> Records supplied
+ + + + +
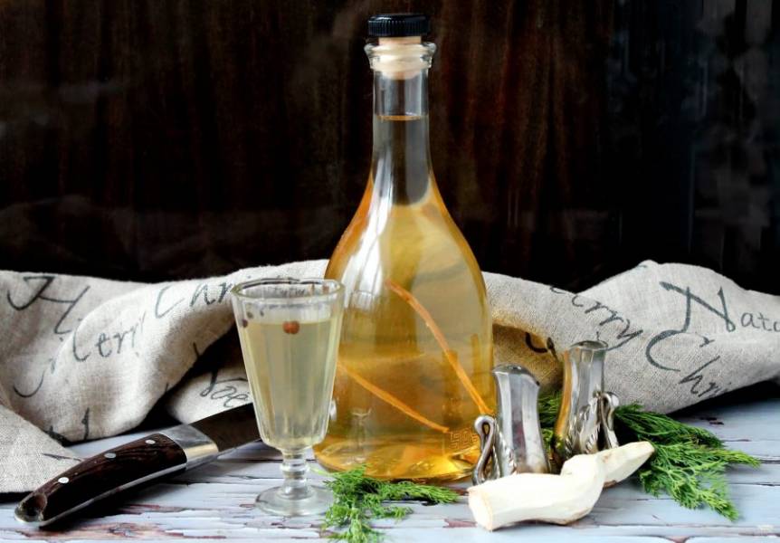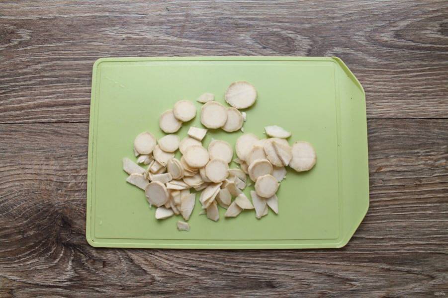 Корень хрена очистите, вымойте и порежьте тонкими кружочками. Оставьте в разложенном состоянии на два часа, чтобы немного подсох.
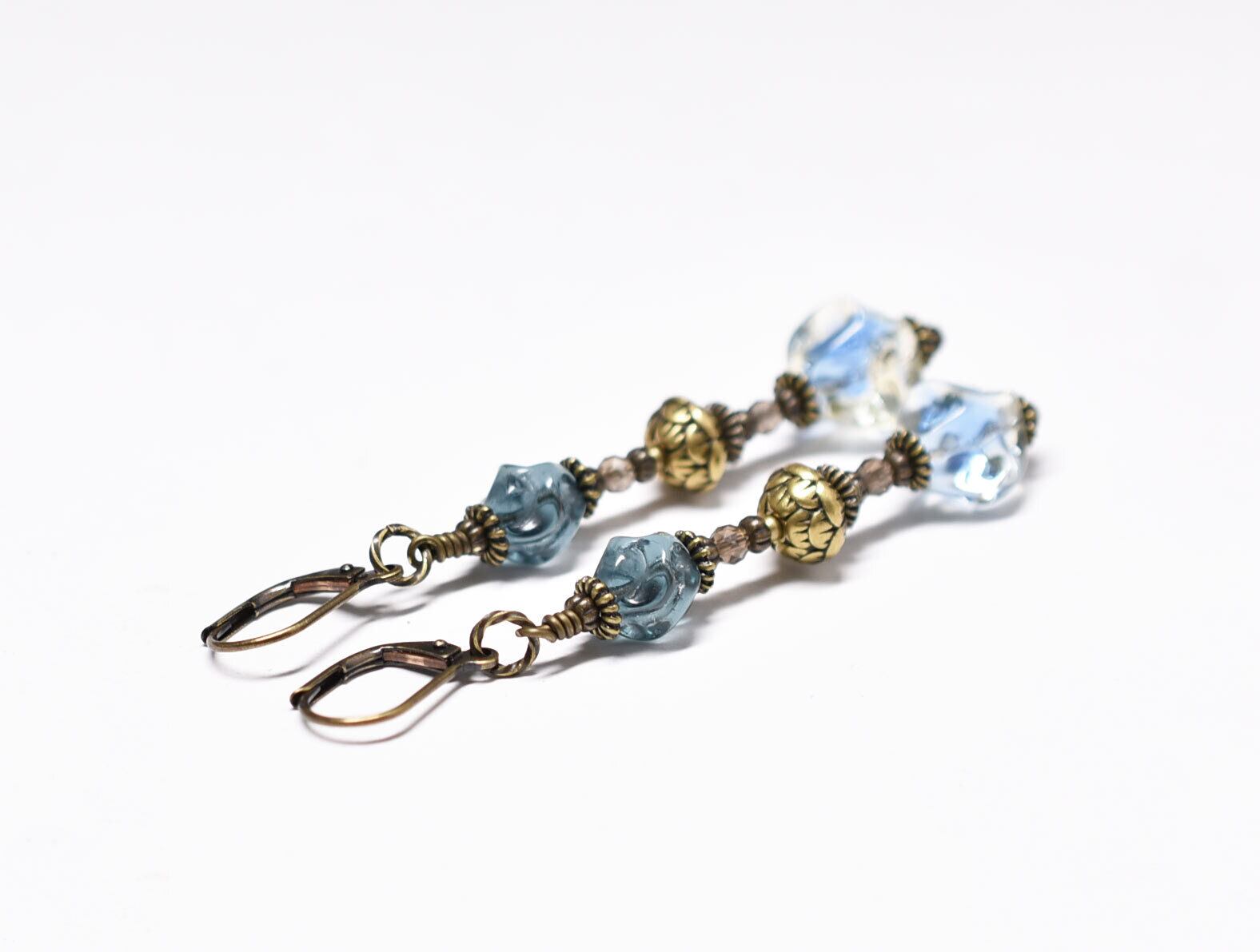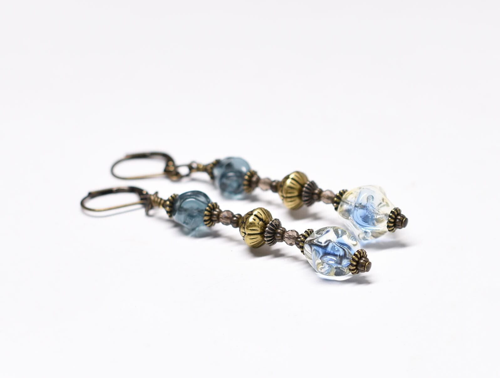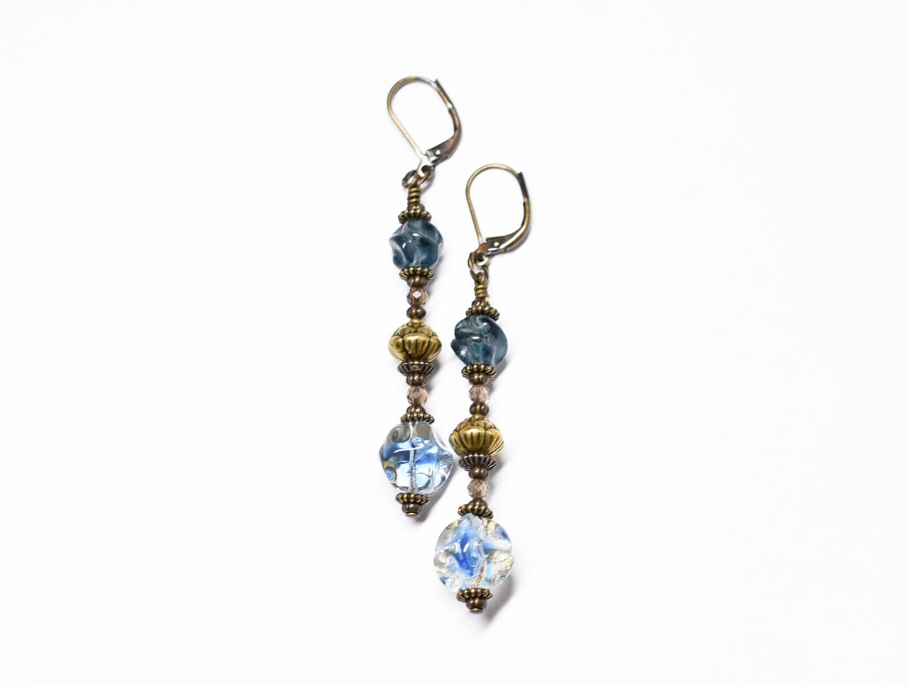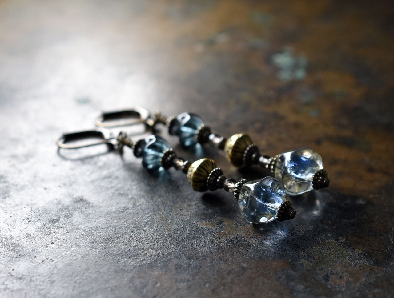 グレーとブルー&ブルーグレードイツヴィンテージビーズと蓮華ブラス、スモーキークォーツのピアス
+ + + + +
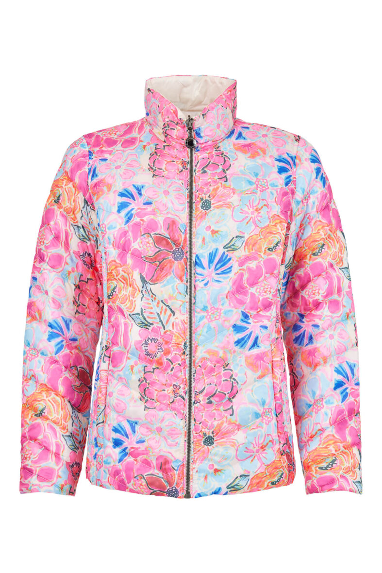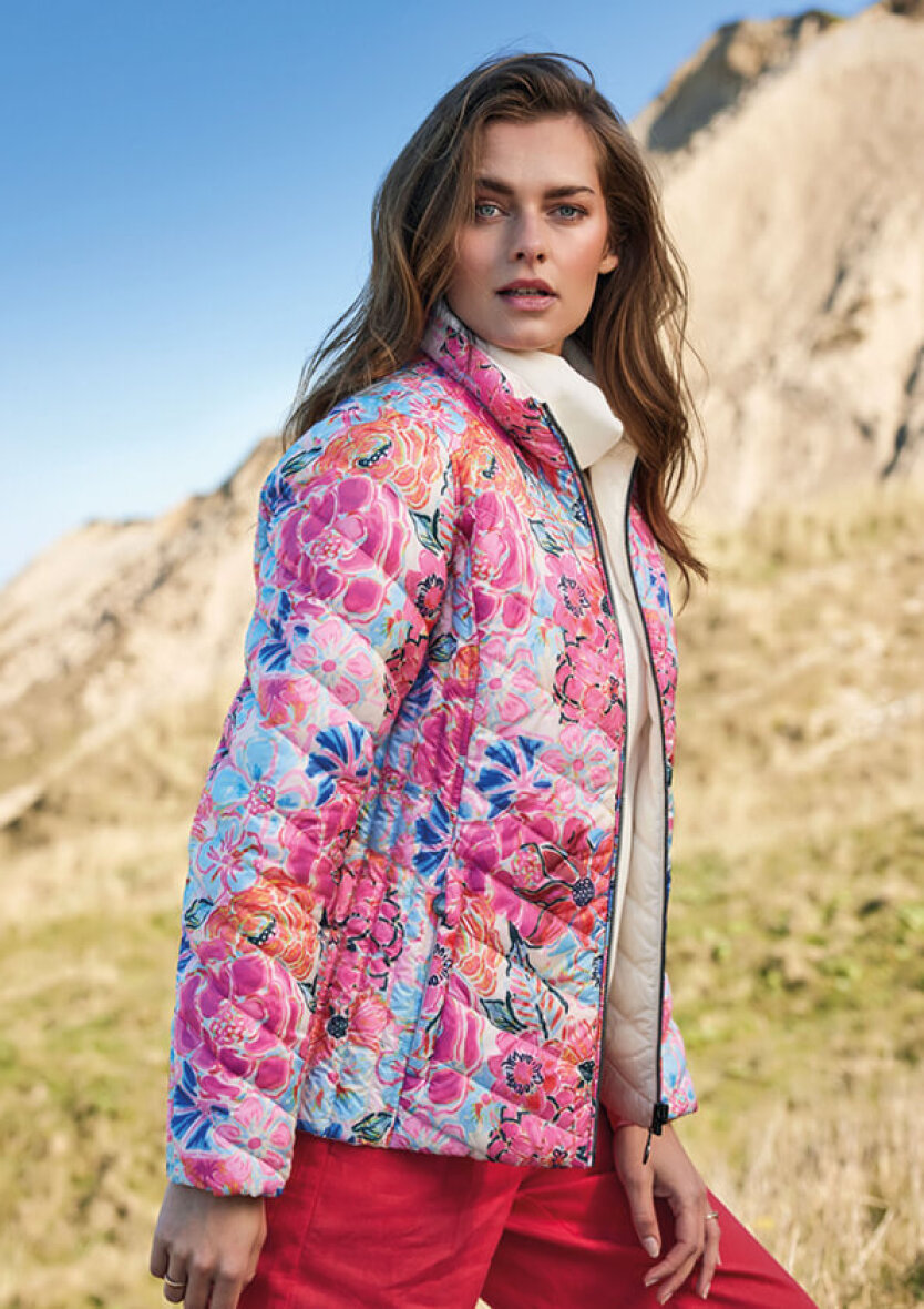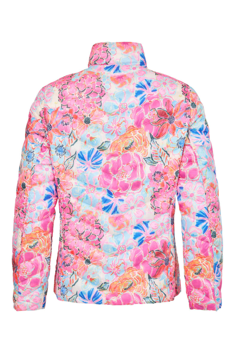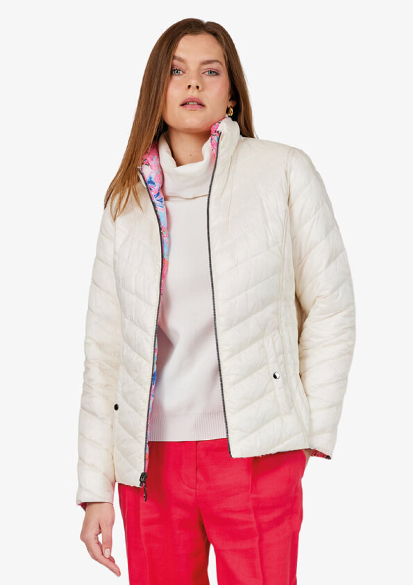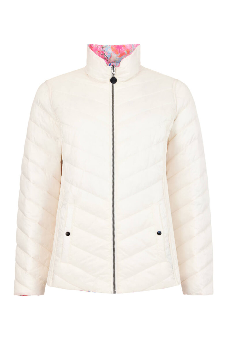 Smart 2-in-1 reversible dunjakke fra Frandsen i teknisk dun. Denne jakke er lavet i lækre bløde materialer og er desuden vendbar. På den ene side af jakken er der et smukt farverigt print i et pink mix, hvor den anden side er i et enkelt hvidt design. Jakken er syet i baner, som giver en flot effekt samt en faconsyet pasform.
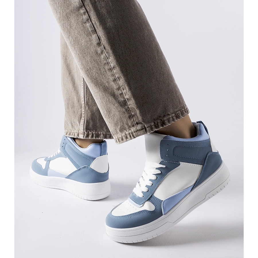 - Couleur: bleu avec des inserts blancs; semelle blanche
+ + + + +
> What you are asked to do
When copying from the data above, begin at the line containing "Smart 2-in-1 reversible" and end at the line containing "- Couleur: bleu"; return those lines exactly and leave all pictures behind.

> Answer to the exercise
 Smart 2-in-1 reversible dunjakke fra Frandsen i teknisk dun. Denne jakke er lavet i lækre bløde materialer og er desuden vendbar. På den ene side af jakken er der et smukt farverigt print i et pink mix, hvor den anden side er i et enkelt hvidt design. Jakken er syet i baner, som giver en flot effekt samt en faconsyet pasform.
 - Couleur: bleu avec des inserts blancs; semelle blanche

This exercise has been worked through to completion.